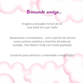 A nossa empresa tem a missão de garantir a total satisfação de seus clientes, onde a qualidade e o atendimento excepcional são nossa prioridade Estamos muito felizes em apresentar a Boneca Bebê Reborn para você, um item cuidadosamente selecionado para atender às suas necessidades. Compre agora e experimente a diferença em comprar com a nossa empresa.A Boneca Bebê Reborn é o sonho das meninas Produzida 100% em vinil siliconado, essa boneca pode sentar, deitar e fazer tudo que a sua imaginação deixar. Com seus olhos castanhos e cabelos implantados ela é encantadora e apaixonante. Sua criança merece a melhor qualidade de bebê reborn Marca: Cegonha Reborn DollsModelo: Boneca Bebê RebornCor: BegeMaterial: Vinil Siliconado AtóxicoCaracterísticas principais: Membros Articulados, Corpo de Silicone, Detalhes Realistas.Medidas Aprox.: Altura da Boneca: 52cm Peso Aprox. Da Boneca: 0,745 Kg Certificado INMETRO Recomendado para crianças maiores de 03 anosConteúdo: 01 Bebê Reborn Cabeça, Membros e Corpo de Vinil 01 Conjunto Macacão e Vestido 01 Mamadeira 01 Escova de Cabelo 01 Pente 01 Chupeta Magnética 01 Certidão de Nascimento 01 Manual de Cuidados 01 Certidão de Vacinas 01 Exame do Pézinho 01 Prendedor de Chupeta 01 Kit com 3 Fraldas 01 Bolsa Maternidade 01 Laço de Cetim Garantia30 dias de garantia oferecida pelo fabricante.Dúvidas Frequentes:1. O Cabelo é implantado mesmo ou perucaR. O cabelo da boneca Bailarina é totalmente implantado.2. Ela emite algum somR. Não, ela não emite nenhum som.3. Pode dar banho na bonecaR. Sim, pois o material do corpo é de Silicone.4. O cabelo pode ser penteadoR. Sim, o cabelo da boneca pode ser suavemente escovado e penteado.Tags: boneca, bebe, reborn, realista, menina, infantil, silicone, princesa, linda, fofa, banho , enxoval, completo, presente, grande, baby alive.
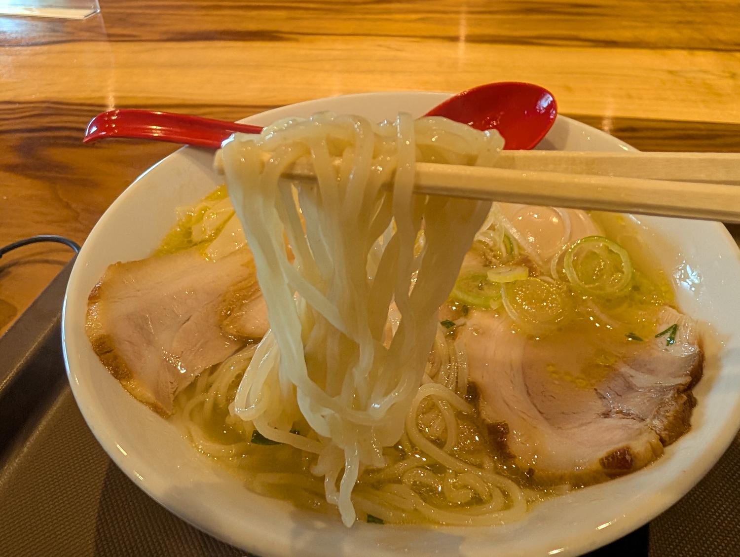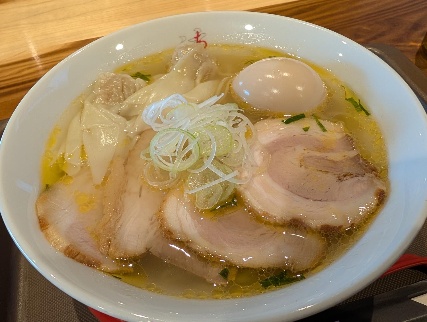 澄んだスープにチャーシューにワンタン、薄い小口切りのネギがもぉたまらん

---

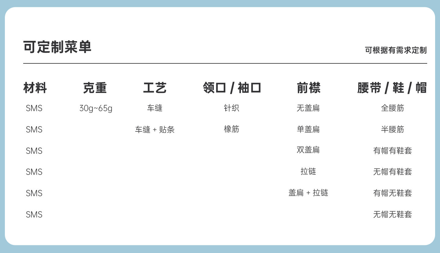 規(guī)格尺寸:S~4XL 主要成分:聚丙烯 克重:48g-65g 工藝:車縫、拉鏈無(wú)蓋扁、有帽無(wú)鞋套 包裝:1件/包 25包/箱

--

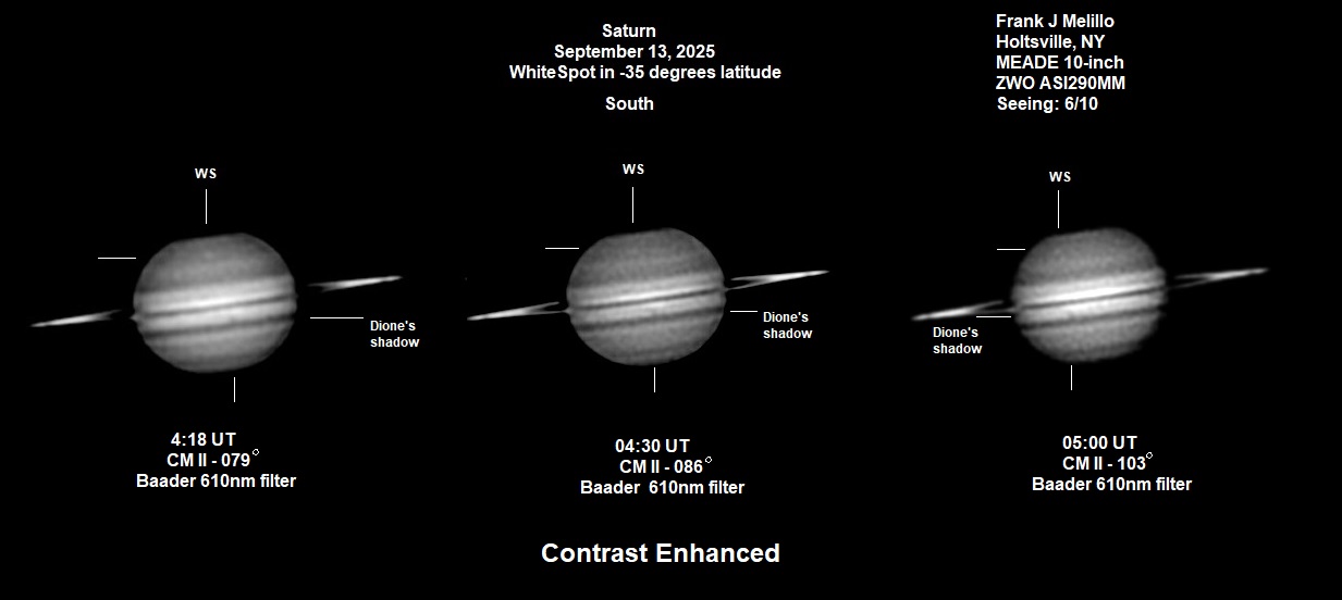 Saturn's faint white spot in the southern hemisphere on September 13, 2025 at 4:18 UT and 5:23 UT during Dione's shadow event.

» DIRECTIONS:
Your answer should be the exact lines above from the one containing "A nossa empresa tem" through the one containing "澄んだスープにチャーシューにワンタン、薄い小口切りのネギがもぉたまらん", with both end lines kept and the pictures removed, please.

» THE COMPLETED TASK:
 A nossa empresa tem a missão de garantir a total satisfação de seus clientes, onde a qualidade e o atendimento excepcional são nossa prioridade Estamos muito felizes em apresentar a Boneca Bebê Reborn para você, um item cuidadosamente selecionado para atender às suas necessidades. Compre agora e experimente a diferença em comprar com a nossa empresa.A Boneca Bebê Reborn é o sonho das meninas Produzida 100% em vinil siliconado, essa boneca pode sentar, deitar e fazer tudo que a sua imaginação deixar. Com seus olhos castanhos e cabelos implantados ela é encantadora e apaixonante. Sua criança merece a melhor qualidade de bebê reborn Marca: Cegonha Reborn DollsModelo: Boneca Bebê RebornCor: BegeMaterial: Vinil Siliconado AtóxicoCaracterísticas principais: Membros Articulados, Corpo de Silicone, Detalhes Realistas.Medidas Aprox.: Altura da Boneca: 52cm Peso Aprox. Da Boneca: 0,745 Kg Certificado INMETRO Recomendado para crianças maiores de 03 anosConteúdo: 01 Bebê Reborn Cabeça, Membros e Corpo de Vinil 01 Conjunto Macacão e Vestido 01 Mamadeira 01 Escova de Cabelo 01 Pente 01 Chupeta Magnética 01 Certidão de Nascimento 01 Manual de Cuidados 01 Certidão de Vacinas 01 Exame do Pézinho 01 Prendedor de Chupeta 01 Kit com 3 Fraldas 01 Bolsa Maternidade 01 Laço de Cetim Garantia30 dias de garantia oferecida pelo fabricante.Dúvidas Frequentes:1. O Cabelo é implantado mesmo ou perucaR. O cabelo da boneca Bailarina é totalmente implantado.2. Ela emite algum somR. Não, ela não emite nenhum som.3. Pode dar banho na bonecaR. Sim, pois o material do corpo é de Silicone.4. O cabelo pode ser penteadoR. Sim, o cabelo da boneca pode ser suavemente escovado e penteado.Tags: boneca, bebe, reborn, realista, menina, infantil, silicone, princesa, linda, fofa, banho , enxoval, completo, presente, grande, baby alive.
 澄んだスープにチャーシューにワンタン、薄い小口切りのネギがもぉたまらん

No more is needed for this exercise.